LLC members

Resolving a major issue

From The Tax Adviser:

LLC Members and Self-employment Tax

L imited liability companies (LLCs) are proving to be a very popular form of doing business in the many states that now allow their creation (48 states and the District of Columbia, at last count). However, since such entities are still relatively new, many questions and issues relating to their taxation (and the taxation of their members) have yet to be resolved.

One critical issue is the self-employment tax-that is, whether an LLC member will be subject to this tax on his or her share of the LLC's trade or business income.

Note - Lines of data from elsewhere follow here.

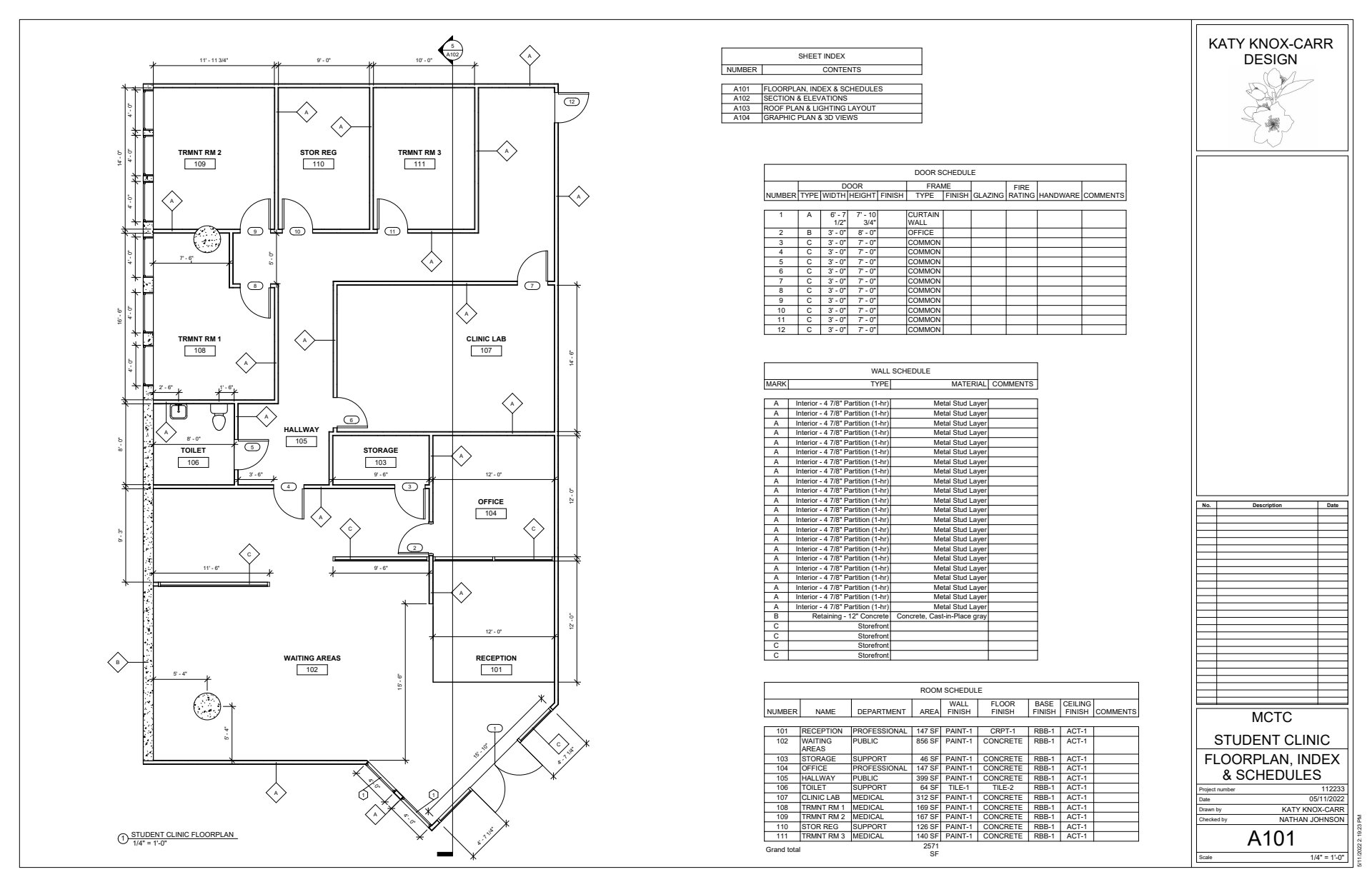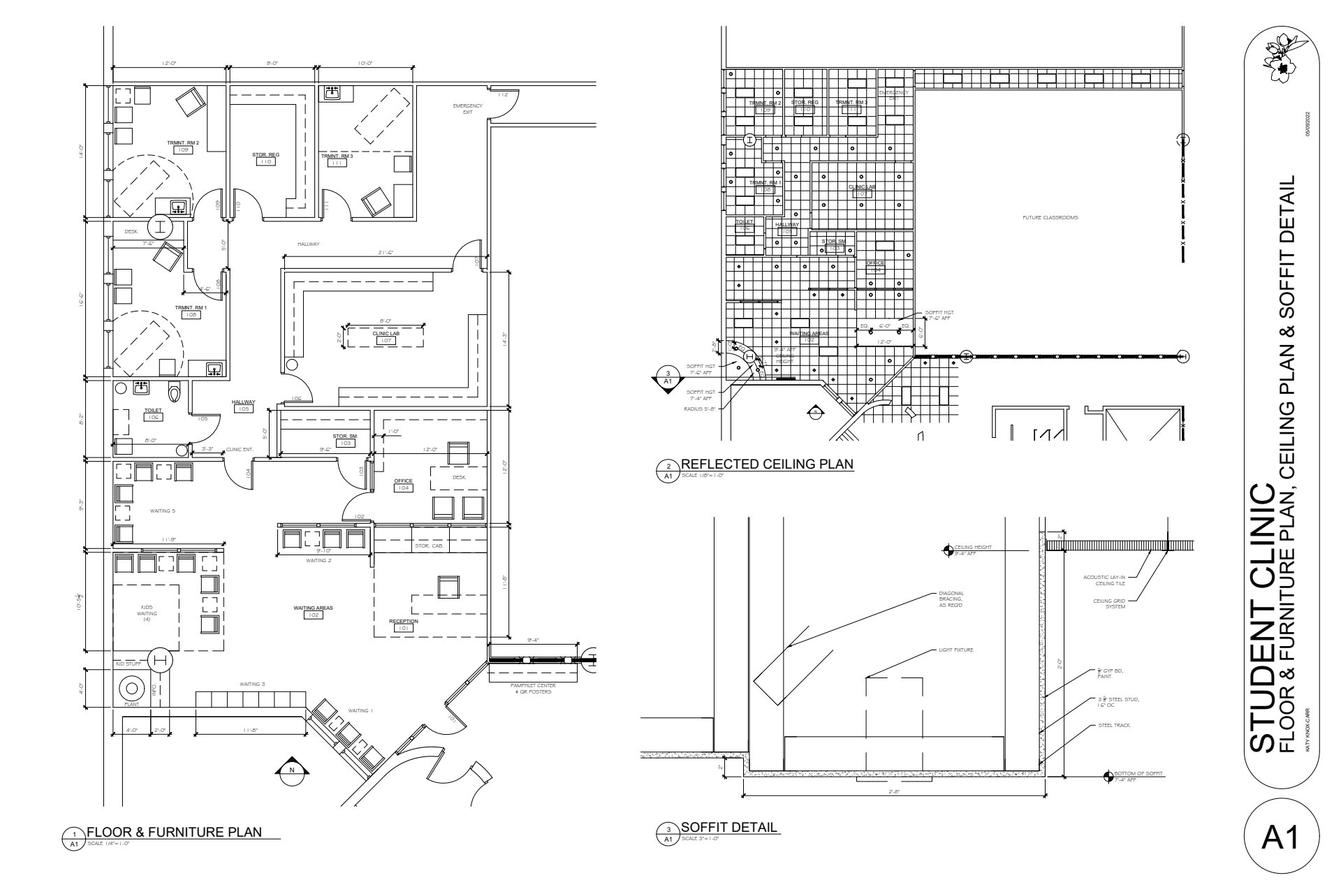 Final project wherein a student clinic must be designed around certain parameters, including square footage requirements. First semester project for Revit 1, second semester AutoCAD.
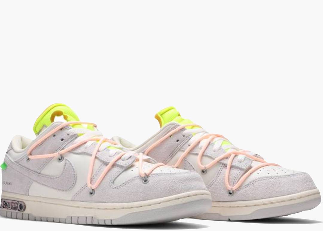 La Nike Dunk Low Off-White Lot 12 fa parte di una serie esclusiva di 48 Dunk caratterizzate da tonalità grigie, che esplorano il concetto di "area grigia tra bianco e nero" proposto da Virgil Abloh. Differenziandosi dai primi e ultimi due lotti, questa edizione presenta dettagli cromatici unici all’interno di una palette sobria, offrendo un equilibrio raffinato tra design minimalista e accenti distintivi. Rilasciata esclusivamente tramite accesso SNKRS, questa sneaker rappresenta un pezzo ricercato per collezionisti e appassionati della celebre collaborazione tra Nike e Off-White.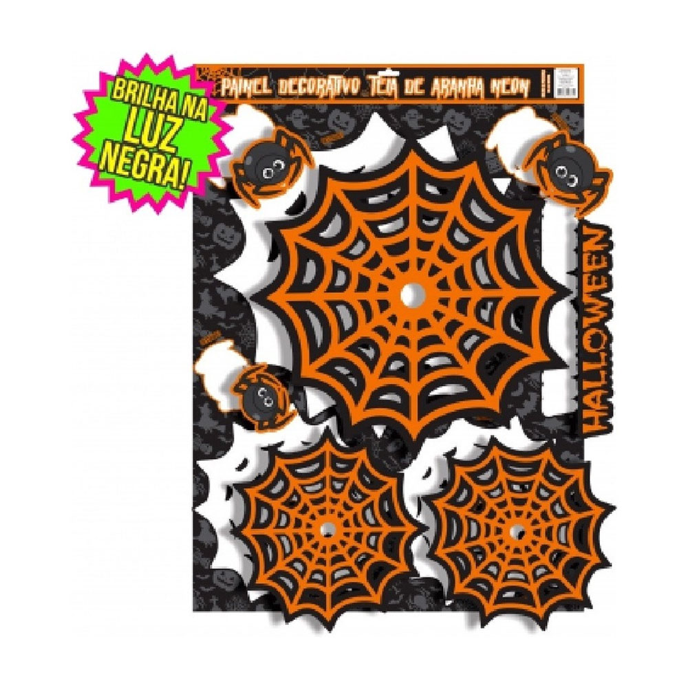 Agora a decoração da sua festa ou evento ficará ainda mais divertida e completa com o Painel Destacável Teia de Aranha, que BRILHA NA PRESENÇA DA LUZ NEGRA!

The Internal Revenue Service held that LLCs may be treated as partnerships for federal tax purposes (depending on the specific provisions in the LLC's operating agreement and the applicable state law); as such, LLC members are in effect limited partners. At the same time, self-employment income normally includes a partner's distributive share of income and loss from any trade or business carried on by the partnership-with an exception for limited partners' shares of partnership income (not including guaranteed payments). Although, under this rule, LLC members would not be subject to self-employment tax on their shares of the LLC's income, such a conclusion had never been specifically stated.

1994 proposed regulations . To resolve this issue, in 1994 the IRS proposed regulations providing a two-part test to determine an LLC member's status either as a limited or general partner for self-employment tax purposes. An LLC member could be treated as a limited partner (and therefore not subject to self-employment tax on the LLC's income) if (1) the member was not a manager and (2) the LLC could have been formed as a limited partnership in the same jurisdiction and the member could have qualified as a limited partner in that limited partnership.

In effect, state limited partnership laws would have determined the federal tax status of the LLC members.

New proposed regulations . While the 1994 proposals provided some degree of certainty for taxpayers, the reliance on state law caused differing treatment for LLC members whose situations were similar but whose LLCs were formed in different states. To provide more uniform treatment, the IRS recently amended the proposed regulations to remove state law characterization from the equation.

Under the new proposals, an individual generally would be treated as a limited partner unless he or she

  • Had personal liability for the partnership's debts (or claims) by reason of being a partner.
  • Had authority (under state law) to contract on behalf of the partnership.
  • Participated in the partnership's trade or business for more than 500 hours during the tax year.

One class of interest exception. If an LLC member fails the general test simply because he or she participates in the partnership's trade or business more than 500 hours during the entity's tax year, the member still may be considered a limited partner if (1) he or she has only one class of interest and (2) immediately after acquiring that interest

  • Other members, already limited partners under the general rule, own a substantial, continuing interest in that specific class of partnership interest.
  • The member in question has rights and obligations identical to those of the specific class of partnership interest held by those other limited partners.

Note: Although a "substantial interest" would be based on all the relevant facts and circumstances, ownership of 20% or more of a specific class of interest would be considered substantial.

Service partnership exception. If substantially all a partnership's activities involve performing services in the fields of health, law, engineering, architecture, accounting, actuarial science or consulting, any individual who provides services as part of that trade or business is not considered a limited partner.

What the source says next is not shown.